Please Note: I’m “hot linking” this image so’s not to be accused of theft!

This style of schematic for the Exposure Triangle is years old and so is nothing new.

When using FILM the ISO value IS a measure of sensitivity to light – that of the film, in other words its SPEED.  Higher ISO film is more sensitive to light than lower ISO film, and the increased sensitivity brings about larger ‘grain’ in the image.

When we talk ‘digital photography’ however the ISO value HAS NOTHING TO WITH SENSITIVITY TO LIGHT – of anything inside your camera, including the damn sensor.

ISO in digital cameras is APPLIED GAIN. Applied ‘after the exposure has been made’..after the fact…after Elvis has left the freaking building!

Your sensors sensitivity to light is FIXED and dictated by the size of the photosites that make up the sensor – that is, the sensor pixel pitch.
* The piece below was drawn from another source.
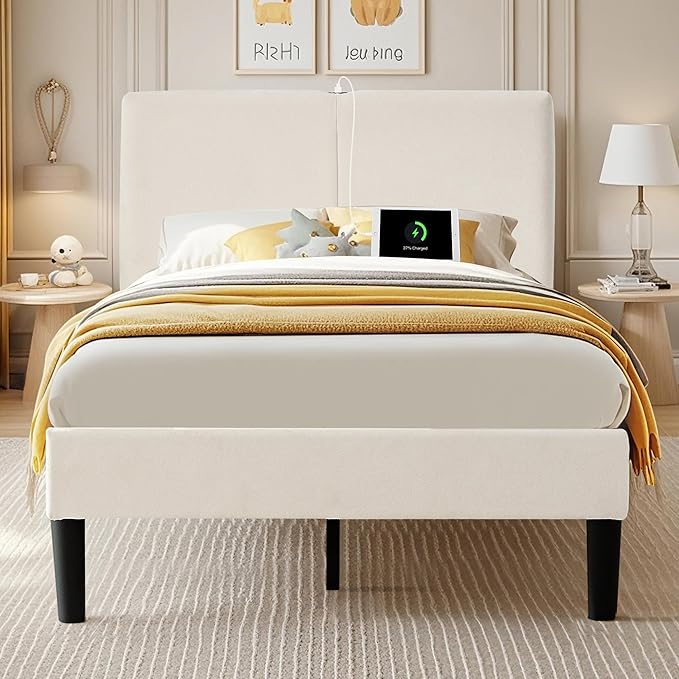 - [Type-C & USB Charging Ports]: This beige full bed frame built-in Type-C and USB ports (compatible with Android and iPhone) to keep your mobile phone, tablets, lamp, humidifier and other electronic devices always online but no outlet is needed.

People who persist in leading you guys into thinking that ISO controls sensor sensitivity should be shot, or better still strapped over the muzzle of an artillery piece……..

The article then goes on to advise the following pile of horse crap:

Recommended ISO settings:

  • ISO 100 or 200 for sunny and bright daylight 
  • ISO 400 ISO for cloudy days, or indoors 
  • ISO 800 for indoors (without a flash) 
  • ISO 1600+ for very low light situations 

WTF??? What year are we in – 2007??

And this pile of new 2017 junk is on a website dedicated to a certain camera manufacturer who’s cameras have produced superb images at ISO settings way higher than the parameters stated above for ages.

Take this shot from a Canon 1DX Mk1 – old tech/off-sensor ADCs etc:

Canon 1DX Mark 1 ISO 10,000 1/8000th @ f7.1 – click for the full size image.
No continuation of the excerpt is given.